▸ **Directions**
Print only the lines from the top of the data through the line with "Peinte à la", both included, skipping every picture.

(Source records)
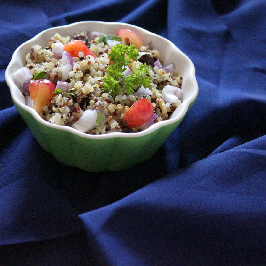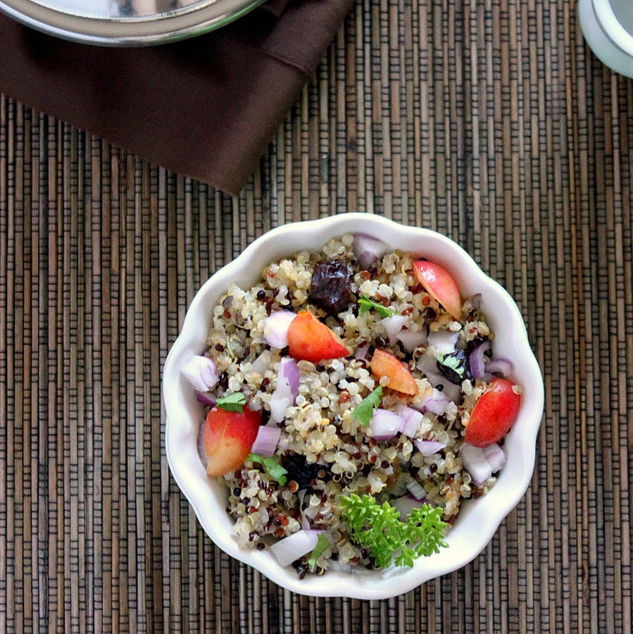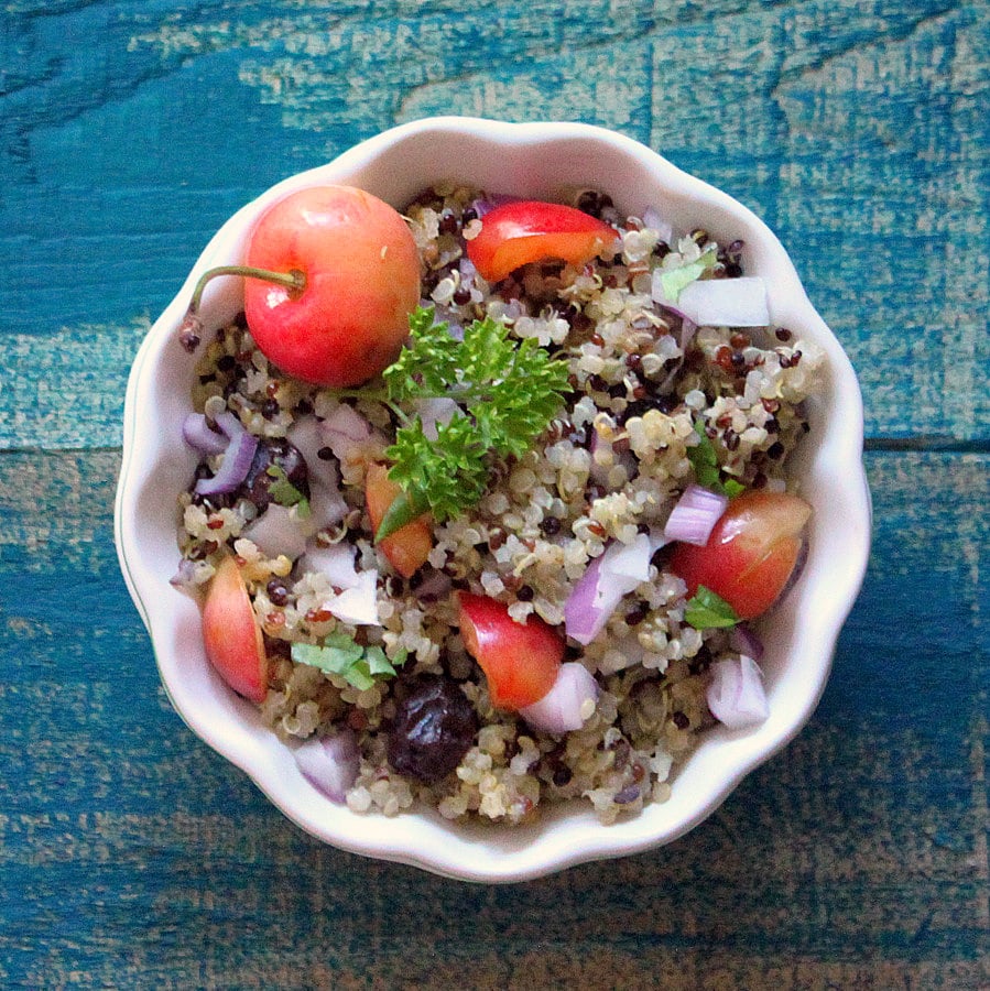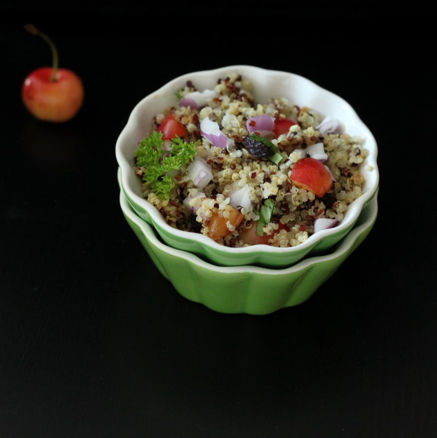 I think Quinoa and red onions are a match made in food heaven. If you havent tried them together, you are missing something. This is a simple salad that I have been making variations of all this season. Some fluffy quinoa, red onions, chopped fruit of the season like cherries and some dried fruit like raisins.
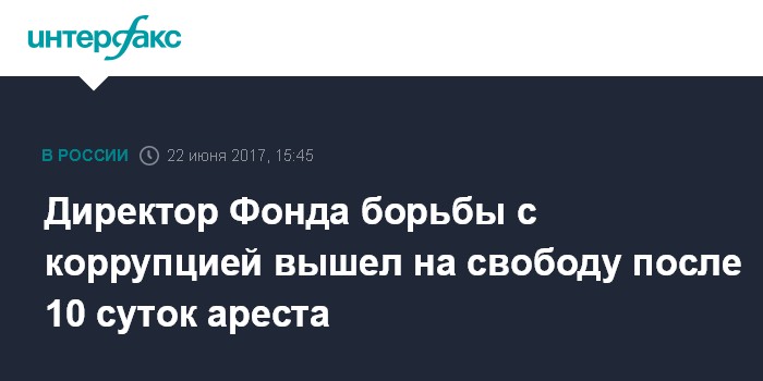 Москва. 22 июня. INTERFAX.RU - Директор Фонда борьбы с коррупцией Алексея Навального Роман Рубанов, отбыв десять суток административного ареста за неповиновение 12 июня московским полицейским на согласованной с властями протестной акции на проспекте Сахарова, вышел на свободу. Об этом "Интерфаксу" сообщили в штабе Навального.
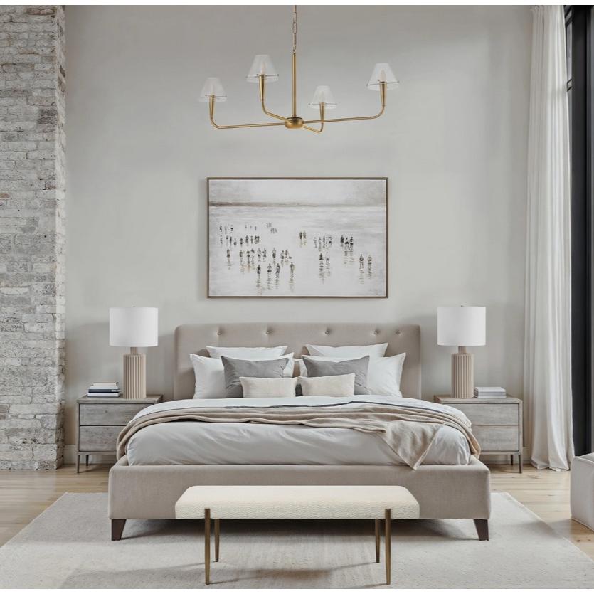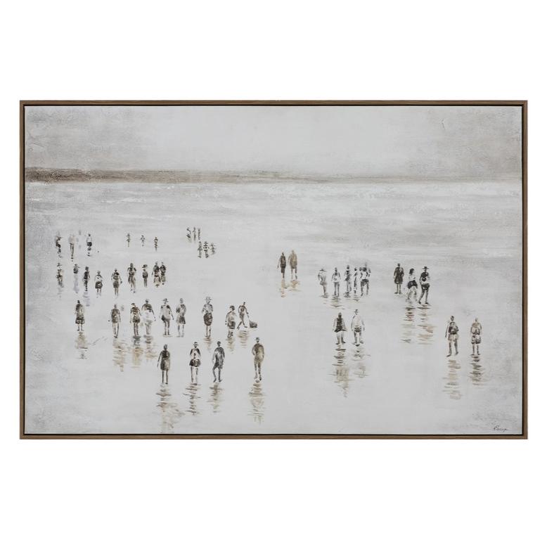 Peinte à la main - Toile en coton - Texturée - Cadre en placage de chêne -Accrochage horizontal.
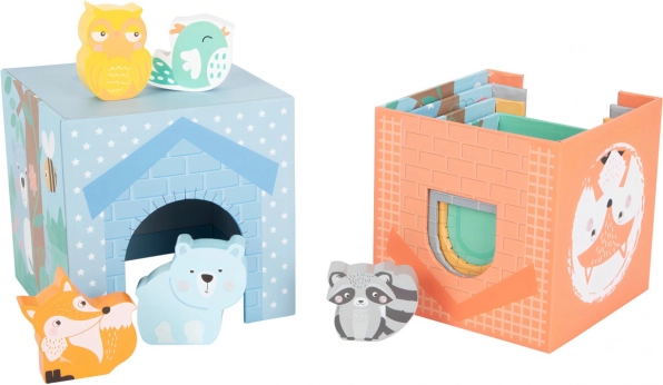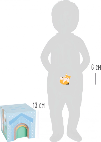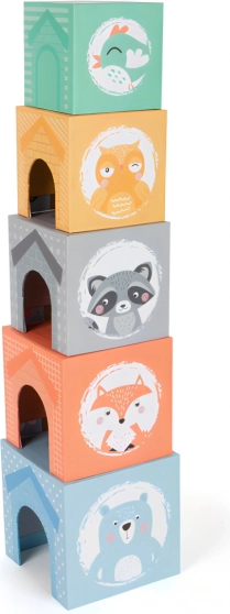 Kostky lze stavět do vysoké věže nebo je vnořit do sebe. Okýnka a dvířka zvou ke schovávačkám se zvířátky a rozvíjejí fantazii i jemnou motoriku.
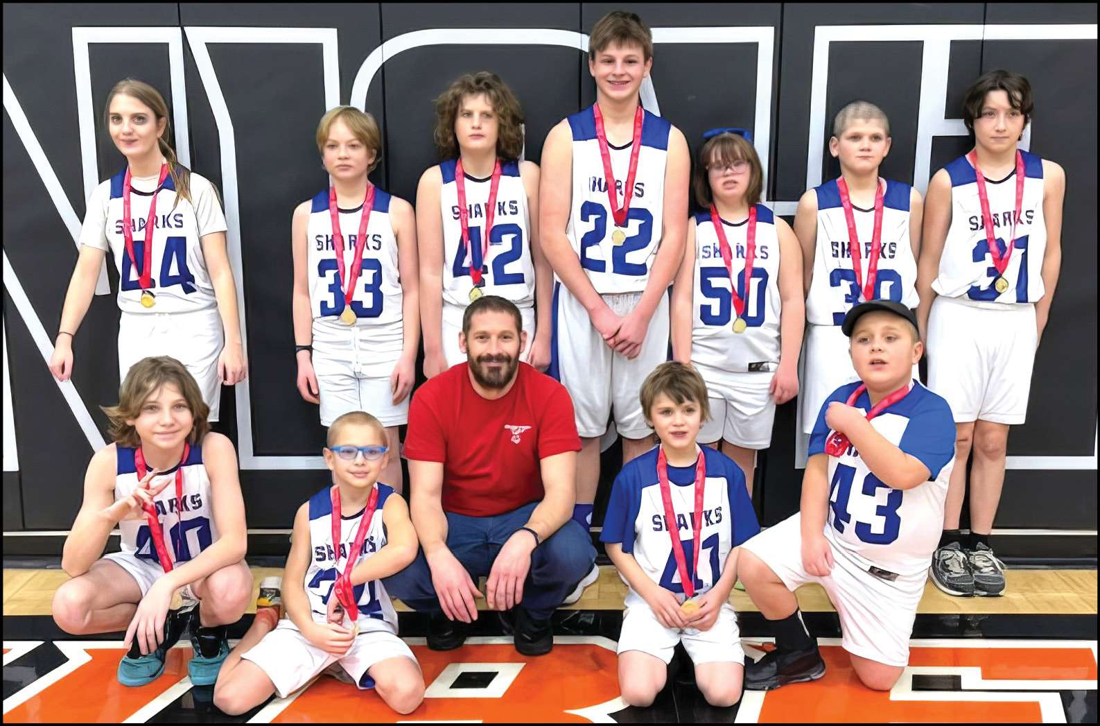 SCHOOL AGE D1 … (Front) Landyn Myers, TJ Sieradzki, Coach Bill Albertson, L J Pittman, Weston Flower. (Back) Kasey Murphy, Elliot Covington, Quinten Carpenter, Koleton McCandless, Sterling Snider, Jeffrey Pittman, Douglas Northrup III.
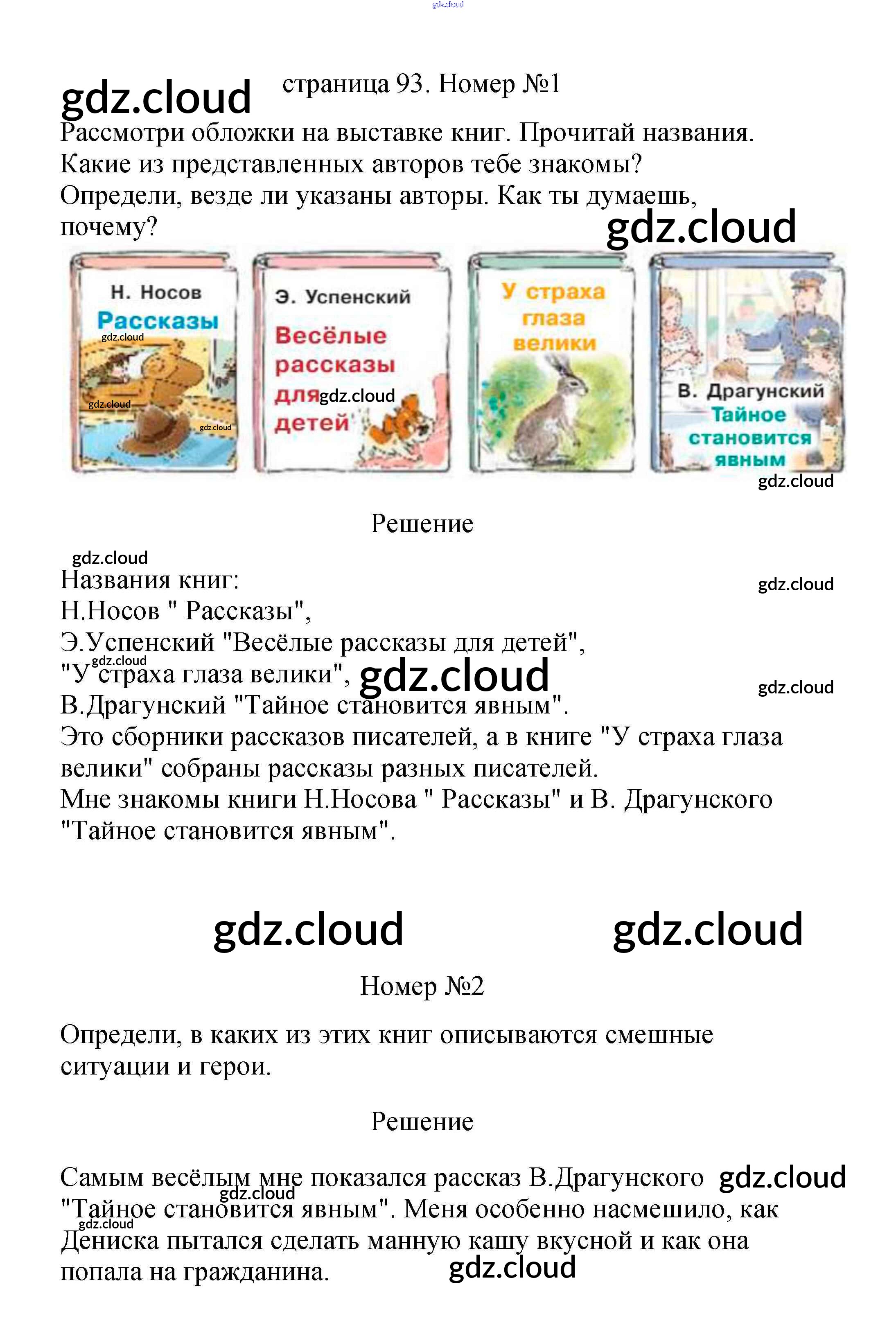 Ответ на задание 93 Учебник Литература за 2 (второй) класс Климанова, Горецкий, Голованова Школа России 2018 Часть 1, 2

▸ **Result of the exercise**
 I think Quinoa and red onions are a match made in food heaven. If you havent tried them together, you are missing something. This is a simple salad that I have been making variations of all this season. Some fluffy quinoa, red onions, chopped fruit of the season like cherries and some dried fruit like raisins.
 Москва. 22 июня. INTERFAX.RU - Директор Фонда борьбы с коррупцией Алексея Навального Роман Рубанов, отбыв десять суток административного ареста за неповиновение 12 июня московским полицейским на согласованной с властями протестной акции на проспекте Сахарова, вышел на свободу. Об этом "Интерфаксу" сообщили в штабе Навального.
 Peinte à la main - Toile en coton - Texturée - Cadre en placage de chêne -Accrochage horizontal.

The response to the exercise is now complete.